Futebol Clube de Famalicão was founded on 21 August 1931 by six friends in Vila Nova de Famalicão, a city in northern Portugal's Minho region. The club played its first competitive match in 1932, hosting FC Porto for the opening of its original ground, Campo da Berberia. In those early years the team wore green and white, later switching to blue and white — the colours they carry today.
Famalicão's first notable chapter came in 1945–46, when the side reached the semi-finals of the Taça de Portugal under Hungarian coach Janos Szabo, a feat they would not match again until a 1–0 victory over F.C. Paços de Ferreira brought them back to the last four in January 2020. Their top-flight history spans seven Primeira Liga seasons in total, with appearances in 1946–47, 1978–79, and a sustained four-season run from 1990 to 1994 that represents the club's most successful era to date.

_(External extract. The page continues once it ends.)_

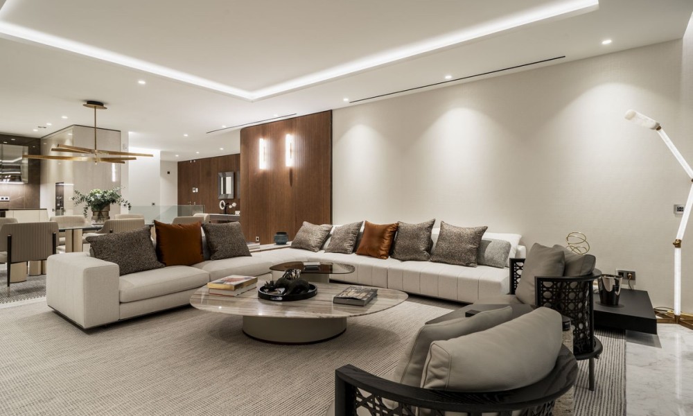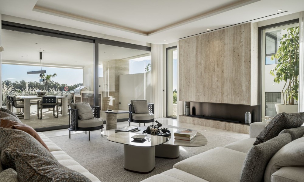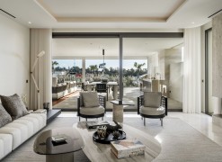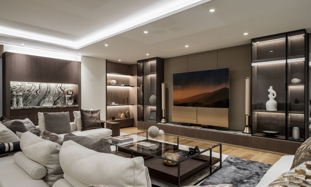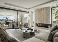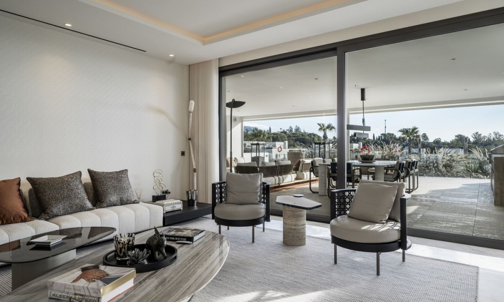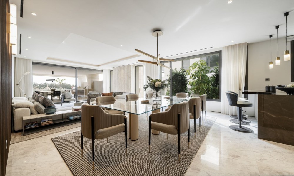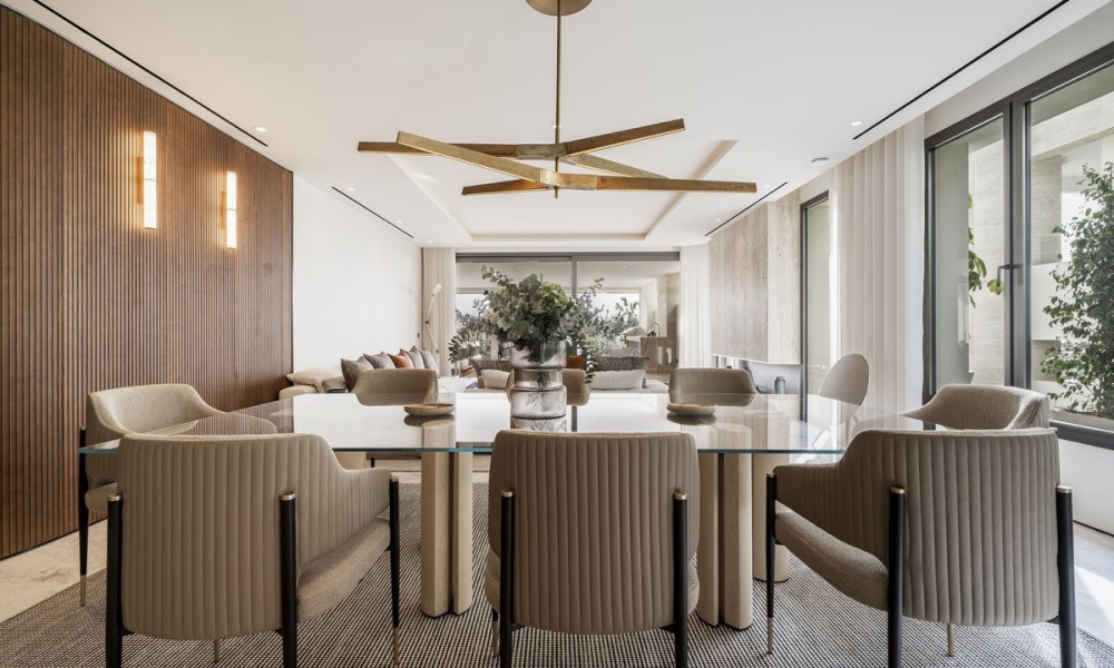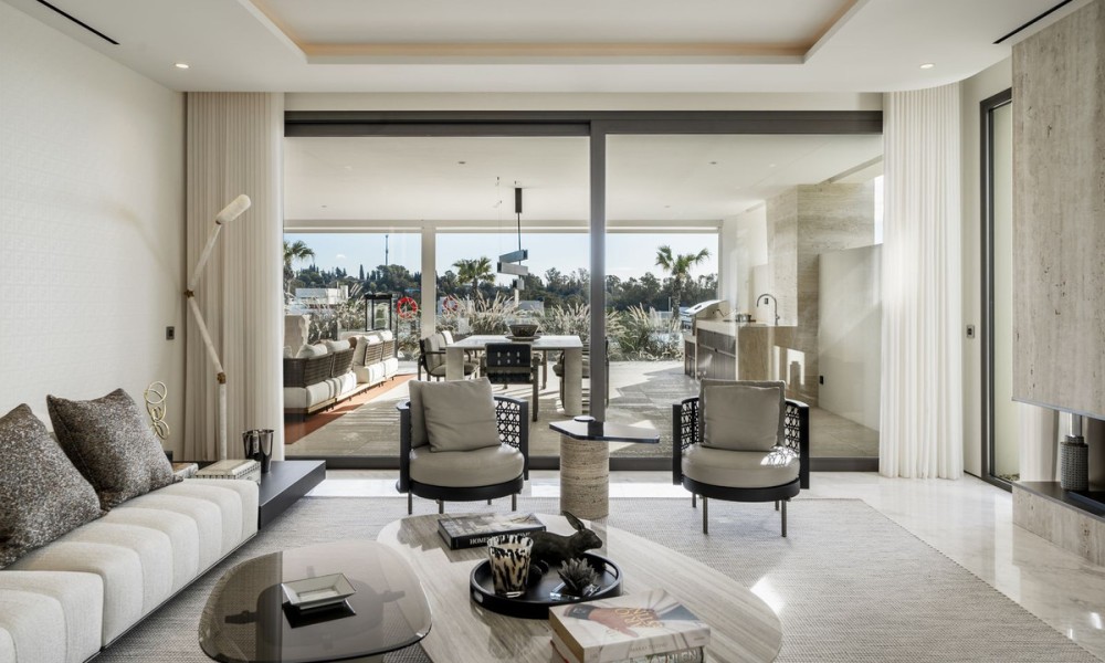 In the exclusive Golden Mile lies a unique development that combines timeless residences furnished by FENDI Casa with unparalleled amenities, creating a resort-style living experience. Just a short stroll from Marbella Club, Puente Romano and the beach, this refined community offers 24-hour concierge, top-tier security, a social hub with a spa, kids’ club, and indoor pool, along with a state-of-the-art indoor sports centre featuring a basketball court, Technogym training equipment, golf simulator, boxing, yoga, and Pilates machines. Outside, two tennis courts, two paddle courts, a pickleball court, and various pools – some heated, one for training and another for relaxation – invite you to unwind under the Mediterranean sky. Privacy and social connection find the perfect balance.Inside, a bespoke duplex features floor-to-ceiling windows and five spacious en-suite bedrooms-three on the main level and two on the lower floor-with a separate entrance from the garage for enhanced circulation and privacy. The open-plan kitchen, seamlessly integrated with the living area, extends to a generous terrace furnished by Minotti, which includes a heated chill-out zone, a dining area, and a fully equipped outdoor kitchen. Stunning views stretch over the pool, with the Mediterranean to one side and La Concha to the other. Automatic curtains provide an added layer of seclusionEvery corner pays homage to exquisite details, from Fendi-designed wardrobes and kitchen furnishings to custom wooden panels on the walls, Travertine marble bathrooms, and high-end finishes.

The 2000s brought a sharp decline, with Famalicão dropping as far as the fifth-tier Braga district league by 2008–09. A steady recovery followed, and in 2015 the club returned to the professional pyramid. A transformative moment came before the 2018–19 season, when Quantum Pacific Group — the investment vehicle of Israeli billionaire Idan Ofer, who also holds a significant stake in Atlético de Madrid — acquired a majority share. Backed by that investment, Famalicão won promotion to the Primeira Liga in April 2019, ending a 25-year absence, and finished fifth in their first season back.
The club has played at Estádio Municipal de Famalicão since 1952, a compact ground that reflects the tight-knit community identity at the heart of this northern Portuguese club.